▸ Task goal
Your answer must be the full listing, word for word, with no images in it.

▸ Information provided
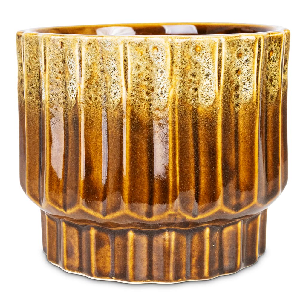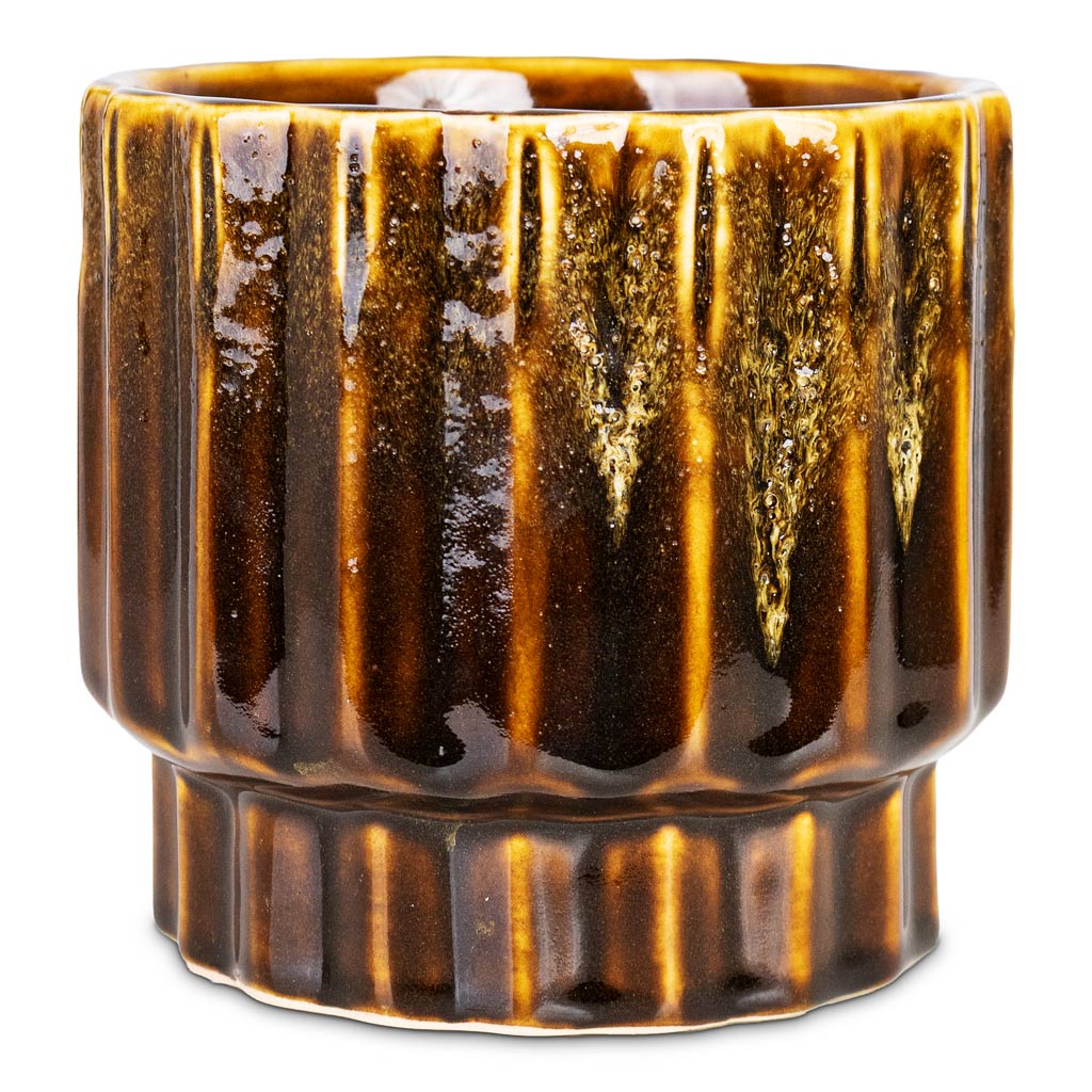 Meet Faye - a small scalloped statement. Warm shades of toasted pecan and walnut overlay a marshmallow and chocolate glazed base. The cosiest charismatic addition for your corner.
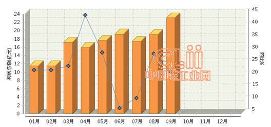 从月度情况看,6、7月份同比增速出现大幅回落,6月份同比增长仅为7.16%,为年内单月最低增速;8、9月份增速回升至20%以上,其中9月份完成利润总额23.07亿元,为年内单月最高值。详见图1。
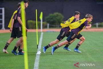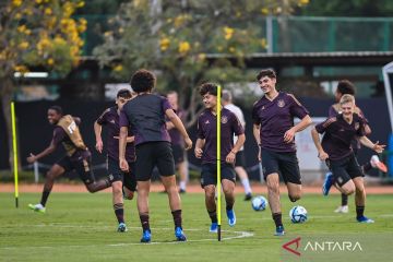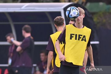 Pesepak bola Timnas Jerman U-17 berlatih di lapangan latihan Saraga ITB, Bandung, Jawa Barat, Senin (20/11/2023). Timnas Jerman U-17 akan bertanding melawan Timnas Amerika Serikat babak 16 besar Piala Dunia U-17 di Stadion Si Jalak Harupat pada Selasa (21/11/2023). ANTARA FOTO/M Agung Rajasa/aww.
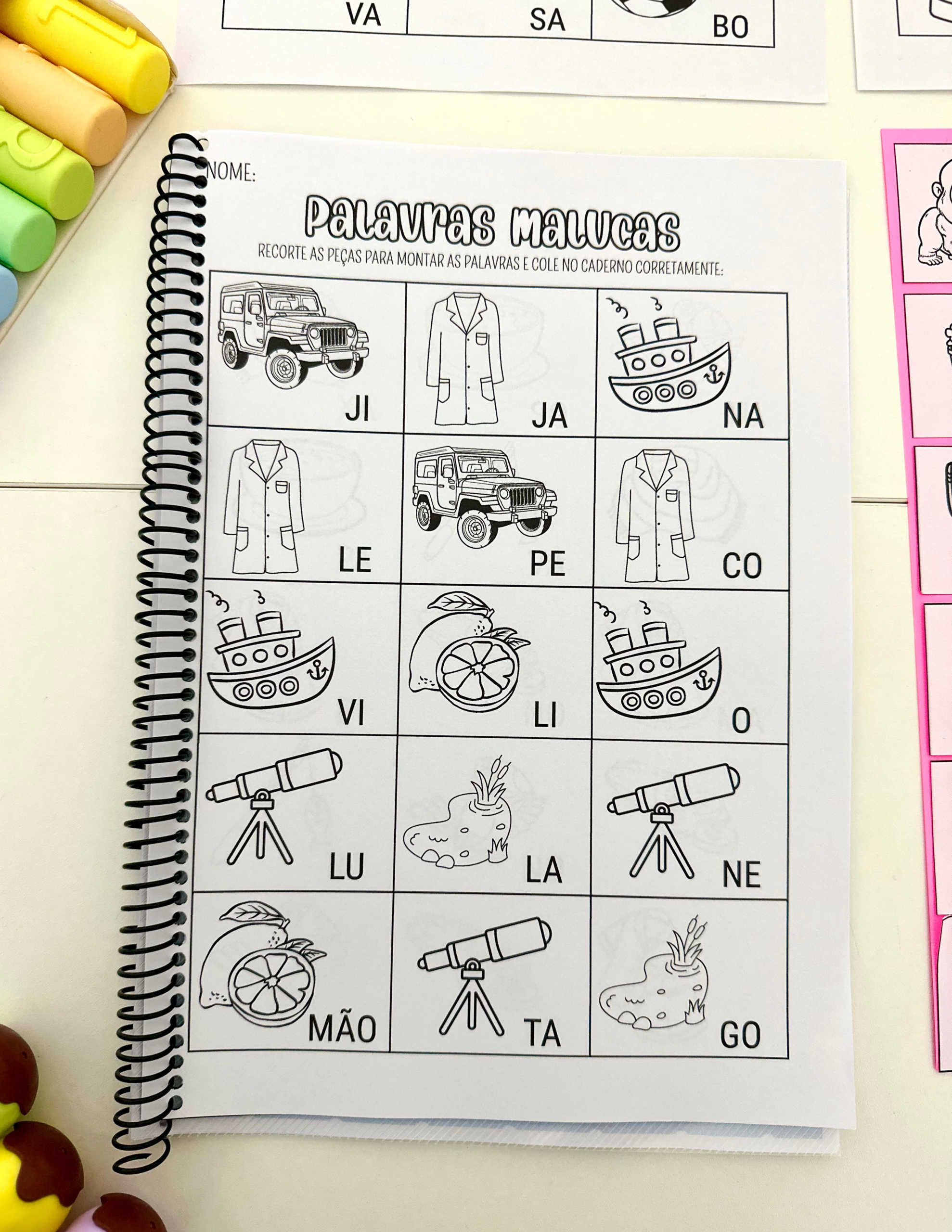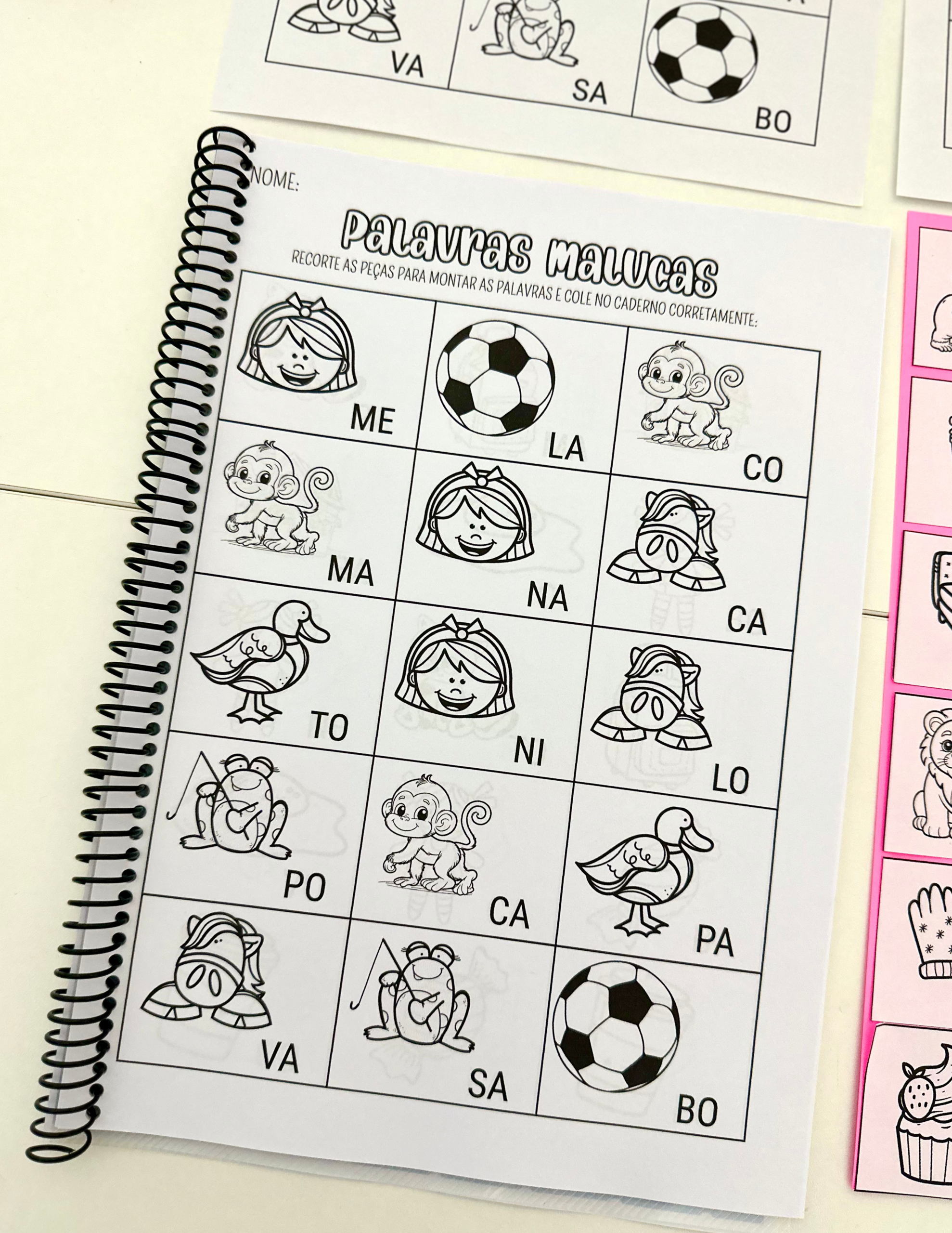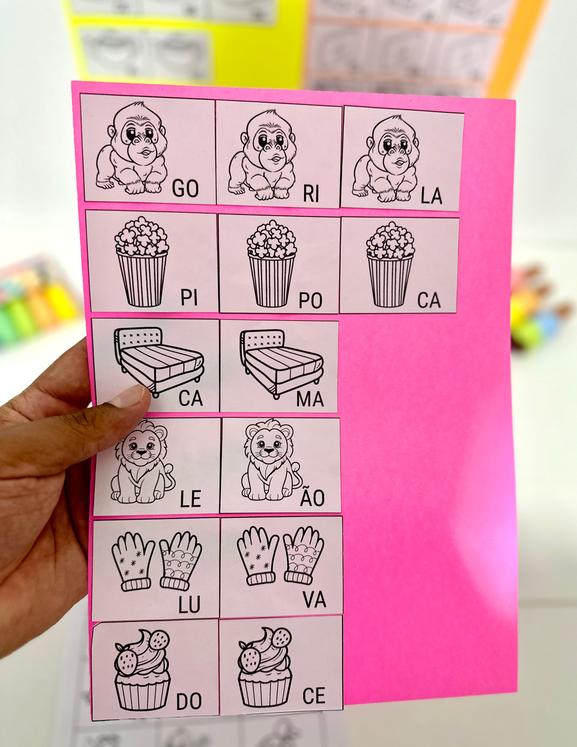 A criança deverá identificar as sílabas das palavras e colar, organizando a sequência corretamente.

▸ Completed exercise
 Meet Faye - a small scalloped statement. Warm shades of toasted pecan and walnut overlay a marshmallow and chocolate glazed base. The cosiest charismatic addition for your corner.
 从月度情况看,6、7月份同比增速出现大幅回落,6月份同比增长仅为7.16%,为年内单月最低增速;8、9月份增速回升至20%以上,其中9月份完成利润总额23.07亿元,为年内单月最高值。详见图1。
 Pesepak bola Timnas Jerman U-17 berlatih di lapangan latihan Saraga ITB, Bandung, Jawa Barat, Senin (20/11/2023). Timnas Jerman U-17 akan bertanding melawan Timnas Amerika Serikat babak 16 besar Piala Dunia U-17 di Stadion Si Jalak Harupat pada Selasa (21/11/2023). ANTARA FOTO/M Agung Rajasa/aww.
 A criança deverá identificar as sílabas das palavras e colar, organizando a sequência corretamente.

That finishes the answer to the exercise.